-------- Supplied material --------

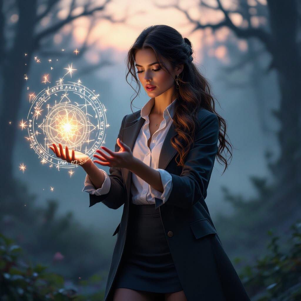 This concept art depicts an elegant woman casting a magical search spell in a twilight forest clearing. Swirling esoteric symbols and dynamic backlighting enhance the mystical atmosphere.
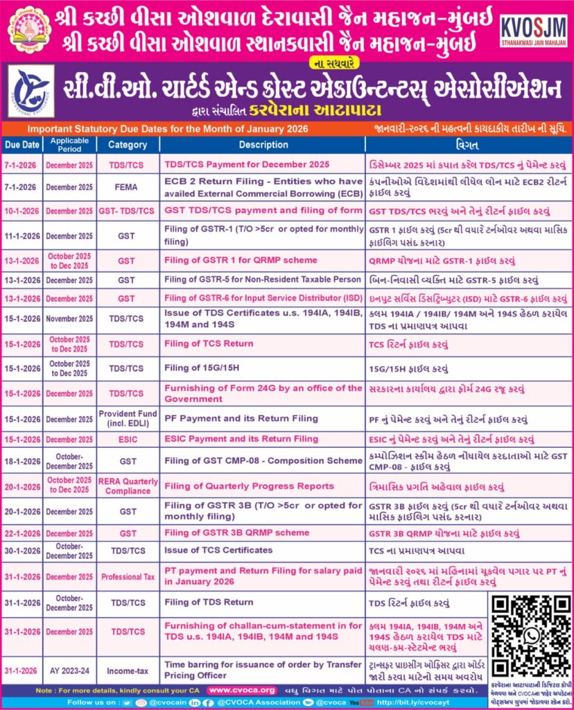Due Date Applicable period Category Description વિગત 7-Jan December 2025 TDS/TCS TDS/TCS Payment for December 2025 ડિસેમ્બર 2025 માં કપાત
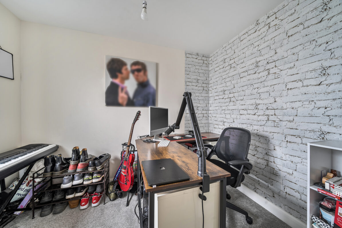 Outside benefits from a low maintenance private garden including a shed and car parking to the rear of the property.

--------

● **Your assignment**: A word-for-word restatement of all the lines above is needed, with the pictures omitted.

● **Answer space**:
 This concept art depicts an elegant woman casting a magical search spell in a twilight forest clearing. Swirling esoteric symbols and dynamic backlighting enhance the mystical atmosphere.
Due Date Applicable period Category Description વિગત 7-Jan December 2025 TDS/TCS TDS/TCS Payment for December 2025 ડિસેમ્બર 2025 માં કપાત
 Outside benefits from a low maintenance private garden including a shed and car parking to the rear of the property.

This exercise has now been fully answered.